HOW TO COMPLETE THIS TASK:
Output each entry exactly; skip nothing.

-------- INPUT FOR THIS TASK --------

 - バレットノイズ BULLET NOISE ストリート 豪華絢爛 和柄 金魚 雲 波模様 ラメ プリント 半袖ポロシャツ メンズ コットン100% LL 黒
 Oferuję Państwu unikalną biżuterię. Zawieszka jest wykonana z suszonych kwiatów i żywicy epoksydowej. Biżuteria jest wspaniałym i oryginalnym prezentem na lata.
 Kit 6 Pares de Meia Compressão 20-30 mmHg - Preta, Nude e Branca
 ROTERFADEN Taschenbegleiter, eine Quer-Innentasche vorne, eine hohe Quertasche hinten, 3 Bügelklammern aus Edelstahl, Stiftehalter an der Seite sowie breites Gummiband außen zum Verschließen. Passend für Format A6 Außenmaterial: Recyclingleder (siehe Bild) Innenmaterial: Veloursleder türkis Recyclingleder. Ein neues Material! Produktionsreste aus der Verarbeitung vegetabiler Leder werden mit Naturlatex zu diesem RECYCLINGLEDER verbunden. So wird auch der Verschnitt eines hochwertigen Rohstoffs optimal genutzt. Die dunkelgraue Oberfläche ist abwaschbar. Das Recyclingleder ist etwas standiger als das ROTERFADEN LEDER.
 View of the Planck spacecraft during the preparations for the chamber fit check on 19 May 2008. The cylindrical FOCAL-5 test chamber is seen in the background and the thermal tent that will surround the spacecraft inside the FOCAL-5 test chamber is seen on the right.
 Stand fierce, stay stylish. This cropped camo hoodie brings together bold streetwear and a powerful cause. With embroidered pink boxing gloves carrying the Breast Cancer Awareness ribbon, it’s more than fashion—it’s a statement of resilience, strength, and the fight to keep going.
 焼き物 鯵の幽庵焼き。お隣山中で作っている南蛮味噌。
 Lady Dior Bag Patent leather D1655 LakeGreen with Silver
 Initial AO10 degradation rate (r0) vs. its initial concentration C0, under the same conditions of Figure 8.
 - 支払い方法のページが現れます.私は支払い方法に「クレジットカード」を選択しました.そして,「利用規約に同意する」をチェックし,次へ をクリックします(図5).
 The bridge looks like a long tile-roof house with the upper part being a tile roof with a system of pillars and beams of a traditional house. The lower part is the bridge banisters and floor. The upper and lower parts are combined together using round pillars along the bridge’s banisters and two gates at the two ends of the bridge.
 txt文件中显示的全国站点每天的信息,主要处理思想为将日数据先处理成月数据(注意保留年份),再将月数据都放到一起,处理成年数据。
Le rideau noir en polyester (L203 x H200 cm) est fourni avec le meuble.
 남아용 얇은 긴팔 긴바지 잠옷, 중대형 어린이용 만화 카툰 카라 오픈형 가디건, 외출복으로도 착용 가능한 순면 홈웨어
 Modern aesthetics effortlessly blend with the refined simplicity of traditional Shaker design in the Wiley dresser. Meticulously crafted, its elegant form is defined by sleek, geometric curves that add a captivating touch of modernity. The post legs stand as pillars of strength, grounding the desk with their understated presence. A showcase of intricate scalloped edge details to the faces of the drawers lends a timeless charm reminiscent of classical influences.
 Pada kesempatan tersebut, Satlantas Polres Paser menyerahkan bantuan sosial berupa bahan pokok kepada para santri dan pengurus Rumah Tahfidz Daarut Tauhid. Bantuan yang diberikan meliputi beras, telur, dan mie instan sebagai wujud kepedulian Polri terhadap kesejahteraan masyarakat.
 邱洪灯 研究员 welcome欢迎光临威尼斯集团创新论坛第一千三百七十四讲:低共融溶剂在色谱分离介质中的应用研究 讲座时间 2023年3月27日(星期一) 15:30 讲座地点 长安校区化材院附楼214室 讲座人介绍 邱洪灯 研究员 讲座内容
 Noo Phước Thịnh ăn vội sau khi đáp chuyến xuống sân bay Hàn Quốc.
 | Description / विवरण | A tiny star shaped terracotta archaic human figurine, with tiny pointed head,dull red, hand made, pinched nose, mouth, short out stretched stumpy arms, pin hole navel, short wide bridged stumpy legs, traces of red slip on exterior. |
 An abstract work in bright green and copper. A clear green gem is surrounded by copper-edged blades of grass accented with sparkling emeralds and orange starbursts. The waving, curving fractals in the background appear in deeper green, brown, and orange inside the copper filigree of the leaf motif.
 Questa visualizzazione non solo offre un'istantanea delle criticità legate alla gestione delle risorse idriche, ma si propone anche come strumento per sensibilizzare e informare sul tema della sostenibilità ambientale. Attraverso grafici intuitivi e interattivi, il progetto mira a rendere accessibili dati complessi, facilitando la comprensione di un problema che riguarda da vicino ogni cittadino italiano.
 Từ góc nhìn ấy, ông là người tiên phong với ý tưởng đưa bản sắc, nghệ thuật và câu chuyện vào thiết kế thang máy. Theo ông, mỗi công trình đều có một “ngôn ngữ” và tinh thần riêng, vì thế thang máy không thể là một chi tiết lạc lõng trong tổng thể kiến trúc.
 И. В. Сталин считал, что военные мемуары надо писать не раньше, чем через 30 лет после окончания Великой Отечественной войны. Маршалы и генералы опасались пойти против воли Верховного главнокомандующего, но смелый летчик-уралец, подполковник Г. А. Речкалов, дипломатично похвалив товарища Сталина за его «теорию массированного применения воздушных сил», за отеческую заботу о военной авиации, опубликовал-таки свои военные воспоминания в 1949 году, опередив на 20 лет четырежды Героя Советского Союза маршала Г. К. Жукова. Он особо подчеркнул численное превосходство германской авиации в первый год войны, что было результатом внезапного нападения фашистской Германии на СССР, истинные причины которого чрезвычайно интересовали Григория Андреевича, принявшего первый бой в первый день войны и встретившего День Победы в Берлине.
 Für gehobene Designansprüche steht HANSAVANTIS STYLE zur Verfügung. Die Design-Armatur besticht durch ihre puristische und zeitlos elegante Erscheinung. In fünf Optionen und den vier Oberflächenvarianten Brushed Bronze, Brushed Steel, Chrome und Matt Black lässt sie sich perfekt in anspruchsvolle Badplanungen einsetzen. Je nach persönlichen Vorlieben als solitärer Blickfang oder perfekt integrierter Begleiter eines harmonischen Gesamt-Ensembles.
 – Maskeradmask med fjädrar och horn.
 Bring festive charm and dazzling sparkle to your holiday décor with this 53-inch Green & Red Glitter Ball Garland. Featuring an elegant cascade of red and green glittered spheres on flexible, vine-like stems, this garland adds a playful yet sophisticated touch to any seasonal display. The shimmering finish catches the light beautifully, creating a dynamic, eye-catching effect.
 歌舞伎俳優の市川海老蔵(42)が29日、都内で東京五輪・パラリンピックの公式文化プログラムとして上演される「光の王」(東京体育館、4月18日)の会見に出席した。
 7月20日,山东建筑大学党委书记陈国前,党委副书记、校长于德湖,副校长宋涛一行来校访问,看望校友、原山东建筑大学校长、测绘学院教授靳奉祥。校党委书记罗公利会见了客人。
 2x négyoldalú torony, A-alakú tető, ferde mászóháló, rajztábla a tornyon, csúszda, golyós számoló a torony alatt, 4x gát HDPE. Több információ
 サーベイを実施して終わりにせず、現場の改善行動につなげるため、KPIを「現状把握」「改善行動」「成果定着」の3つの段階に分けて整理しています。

--------

WORKED SOLUTION:
 - バレットノイズ BULLET NOISE ストリート 豪華絢爛 和柄 金魚 雲 波模様 ラメ プリント 半袖ポロシャツ メンズ コットン100% LL 黒
 Oferuję Państwu unikalną biżuterię. Zawieszka jest wykonana z suszonych kwiatów i żywicy epoksydowej. Biżuteria jest wspaniałym i oryginalnym prezentem na lata.
 Kit 6 Pares de Meia Compressão 20-30 mmHg - Preta, Nude e Branca
 ROTERFADEN Taschenbegleiter, eine Quer-Innentasche vorne, eine hohe Quertasche hinten, 3 Bügelklammern aus Edelstahl, Stiftehalter an der Seite sowie breites Gummiband außen zum Verschließen. Passend für Format A6 Außenmaterial: Recyclingleder (siehe Bild) Innenmaterial: Veloursleder türkis Recyclingleder. Ein neues Material! Produktionsreste aus der Verarbeitung vegetabiler Leder werden mit Naturlatex zu diesem RECYCLINGLEDER verbunden. So wird auch der Verschnitt eines hochwertigen Rohstoffs optimal genutzt. Die dunkelgraue Oberfläche ist abwaschbar. Das Recyclingleder ist etwas standiger als das ROTERFADEN LEDER.
 View of the Planck spacecraft during the preparations for the chamber fit check on 19 May 2008. The cylindrical FOCAL-5 test chamber is seen in the background and the thermal tent that will surround the spacecraft inside the FOCAL-5 test chamber is seen on the right.
 Stand fierce, stay stylish. This cropped camo hoodie brings together bold streetwear and a powerful cause. With embroidered pink boxing gloves carrying the Breast Cancer Awareness ribbon, it’s more than fashion—it’s a statement of resilience, strength, and the fight to keep going.
 焼き物 鯵の幽庵焼き。お隣山中で作っている南蛮味噌。
 Lady Dior Bag Patent leather D1655 LakeGreen with Silver
 Initial AO10 degradation rate (r0) vs. its initial concentration C0, under the same conditions of Figure 8.
 - 支払い方法のページが現れます.私は支払い方法に「クレジットカード」を選択しました.そして,「利用規約に同意する」をチェックし,次へ をクリックします(図5).
 The bridge looks like a long tile-roof house with the upper part being a tile roof with a system of pillars and beams of a traditional house. The lower part is the bridge banisters and floor. The upper and lower parts are combined together using round pillars along the bridge’s banisters and two gates at the two ends of the bridge.
 txt文件中显示的全国站点每天的信息,主要处理思想为将日数据先处理成月数据(注意保留年份),再将月数据都放到一起,处理成年数据。
Le rideau noir en polyester (L203 x H200 cm) est fourni avec le meuble.
 남아용 얇은 긴팔 긴바지 잠옷, 중대형 어린이용 만화 카툰 카라 오픈형 가디건, 외출복으로도 착용 가능한 순면 홈웨어
 Modern aesthetics effortlessly blend with the refined simplicity of traditional Shaker design in the Wiley dresser. Meticulously crafted, its elegant form is defined by sleek, geometric curves that add a captivating touch of modernity. The post legs stand as pillars of strength, grounding the desk with their understated presence. A showcase of intricate scalloped edge details to the faces of the drawers lends a timeless charm reminiscent of classical influences.
 Pada kesempatan tersebut, Satlantas Polres Paser menyerahkan bantuan sosial berupa bahan pokok kepada para santri dan pengurus Rumah Tahfidz Daarut Tauhid. Bantuan yang diberikan meliputi beras, telur, dan mie instan sebagai wujud kepedulian Polri terhadap kesejahteraan masyarakat.
 邱洪灯 研究员 welcome欢迎光临威尼斯集团创新论坛第一千三百七十四讲:低共融溶剂在色谱分离介质中的应用研究 讲座时间 2023年3月27日(星期一) 15:30 讲座地点 长安校区化材院附楼214室 讲座人介绍 邱洪灯 研究员 讲座内容
 Noo Phước Thịnh ăn vội sau khi đáp chuyến xuống sân bay Hàn Quốc.
 | Description / विवरण | A tiny star shaped terracotta archaic human figurine, with tiny pointed head,dull red, hand made, pinched nose, mouth, short out stretched stumpy arms, pin hole navel, short wide bridged stumpy legs, traces of red slip on exterior. |
 An abstract work in bright green and copper. A clear green gem is surrounded by copper-edged blades of grass accented with sparkling emeralds and orange starbursts. The waving, curving fractals in the background appear in deeper green, brown, and orange inside the copper filigree of the leaf motif.
 Questa visualizzazione non solo offre un'istantanea delle criticità legate alla gestione delle risorse idriche, ma si propone anche come strumento per sensibilizzare e informare sul tema della sostenibilità ambientale. Attraverso grafici intuitivi e interattivi, il progetto mira a rendere accessibili dati complessi, facilitando la comprensione di un problema che riguarda da vicino ogni cittadino italiano.
 Từ góc nhìn ấy, ông là người tiên phong với ý tưởng đưa bản sắc, nghệ thuật và câu chuyện vào thiết kế thang máy. Theo ông, mỗi công trình đều có một “ngôn ngữ” và tinh thần riêng, vì thế thang máy không thể là một chi tiết lạc lõng trong tổng thể kiến trúc.
 И. В. Сталин считал, что военные мемуары надо писать не раньше, чем через 30 лет после окончания Великой Отечественной войны. Маршалы и генералы опасались пойти против воли Верховного главнокомандующего, но смелый летчик-уралец, подполковник Г. А. Речкалов, дипломатично похвалив товарища Сталина за его «теорию массированного применения воздушных сил», за отеческую заботу о военной авиации, опубликовал-таки свои военные воспоминания в 1949 году, опередив на 20 лет четырежды Героя Советского Союза маршала Г. К. Жукова. Он особо подчеркнул численное превосходство германской авиации в первый год войны, что было результатом внезапного нападения фашистской Германии на СССР, истинные причины которого чрезвычайно интересовали Григория Андреевича, принявшего первый бой в первый день войны и встретившего День Победы в Берлине.
 Für gehobene Designansprüche steht HANSAVANTIS STYLE zur Verfügung. Die Design-Armatur besticht durch ihre puristische und zeitlos elegante Erscheinung. In fünf Optionen und den vier Oberflächenvarianten Brushed Bronze, Brushed Steel, Chrome und Matt Black lässt sie sich perfekt in anspruchsvolle Badplanungen einsetzen. Je nach persönlichen Vorlieben als solitärer Blickfang oder perfekt integrierter Begleiter eines harmonischen Gesamt-Ensembles.
 – Maskeradmask med fjädrar och horn.
 Bring festive charm and dazzling sparkle to your holiday décor with this 53-inch Green & Red Glitter Ball Garland. Featuring an elegant cascade of red and green glittered spheres on flexible, vine-like stems, this garland adds a playful yet sophisticated touch to any seasonal display. The shimmering finish catches the light beautifully, creating a dynamic, eye-catching effect.
 歌舞伎俳優の市川海老蔵(42)が29日、都内で東京五輪・パラリンピックの公式文化プログラムとして上演される「光の王」(東京体育館、4月18日)の会見に出席した。
 7月20日,山东建筑大学党委书记陈国前,党委副书记、校长于德湖,副校长宋涛一行来校访问,看望校友、原山东建筑大学校长、测绘学院教授靳奉祥。校党委书记罗公利会见了客人。
 2x négyoldalú torony, A-alakú tető, ferde mászóháló, rajztábla a tornyon, csúszda, golyós számoló a torony alatt, 4x gát HDPE. Több információ
 サーベイを実施して終わりにせず、現場の改善行動につなげるため、KPIを「現状把握」「改善行動」「成果定着」の3つの段階に分けて整理しています。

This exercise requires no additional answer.